Und in einem DB Manager funktioniert die Abfrage so?


----------



## Gast (20. Dez 2006)

Jap es ging schon mal.
Da machte ich es mit Statement anstatt mit PreparedStatement.

und anstatt conn.prepareStatement(sql) mit
conn.createStatement.

Aber da schaffte ich es nicht abzufragen ob der Datensatz erfolgreich geschrieben wurde.


----------



## The_S (20. Dez 2006)

Statement wirft ebenfalls eine Exception wenn deine Abfrage einen Fehler verursacht hat


----------



## Gast (20. Dez 2006)

Ich bekomm aber keine.
Wenn ich nach dem schreiben prüfe, fehlen immer ein bis zwei Datensätze.


----------



## The_S (20. Dez 2006)

Dann liegt der Fehler aber in der Datenbank und nicht an der Java-Schnittstelle.


----------



## Gast (20. Dez 2006)

Ich benutze SQLite


----------



## bronks (20. Dez 2006)

Gast hat gesagt.:
			
		

> Ich bekomm aber keine.
> Wenn ich nach dem schreiben prüfe, fehlen immer ein bis zwei Datensätze.


Du verwendest in Deinem Code das PreparedStatement falsch bzw. Du willst sicher ein einfaches Statement verwenden?


----------



## SammY (21. Dez 2006)

Das hatte ich eh vorher so.
Hab  ich aber eh schon vorher geschrieben.

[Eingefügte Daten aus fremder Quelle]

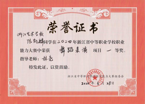 附中2019级中国舞班陈凯麟喜获2024年全省中职比赛 “舞蹈表演”赛项一等奖第一名

Aber da gehts nicht das ich prüfen kann ob der Datensatz erfolgreich geschrieben wurde.


----------



## Caffè Latte (21. Dez 2006)

Hi,

sollte das INSERT nicht gehen, meckert das Datenbanksystem. Das merkst du dann anhand einer Exception. Sagt die Datenbank nichts und das INSERT wird nicht oder nicht richtig ausgeführt liegt der Fehler bei dir.

Lass dir doch einfach das SQL-Statement ausgeben, kopiere es in deinen DB-Manager und schau ob es so geht.


----------



## SammY (22. Dez 2006)

Das Problem dabei ist, dass ich 1000 einträge in ner schleife in die DB schreiben lasse. Dann müsste ich ja die 1000 per hand hinein kopieren und das würde dauern.


----------



## Caffè Latte (22. Dez 2006)

Hi,

für das Debuggen würde ich nicht mit 1000 Datensätzen beginnen sondern mit 10. Wenn das dann soweit läuft kann man an die 1000 gehen. Dazu würde es reichen nur die SQL-Statements (auf der Konsole) ausgeben zu lassen und nur visuell zu prüfen. Meist sieht man dann schon Unregelmäßigkeiten.

Und wenn du schon so viele Inserts machst würde ich wieder  Prepared Statements nutzen. Dann aber richtig und das SQL-Statement nicht durch String-Operationen zusammenbasteln sondern "echte Parameter" zu nutzen.

Ich kenne jetzt deine Umgebung nicht. Aber jede bessere IDE hat einen Debug-Modus. Wenn du Pech hast und den Fehler sonst nicht findest, musst du in diesem Modus eben in allen 1000 Schleifendurchläufe die Variablenwerte prüfen.


----------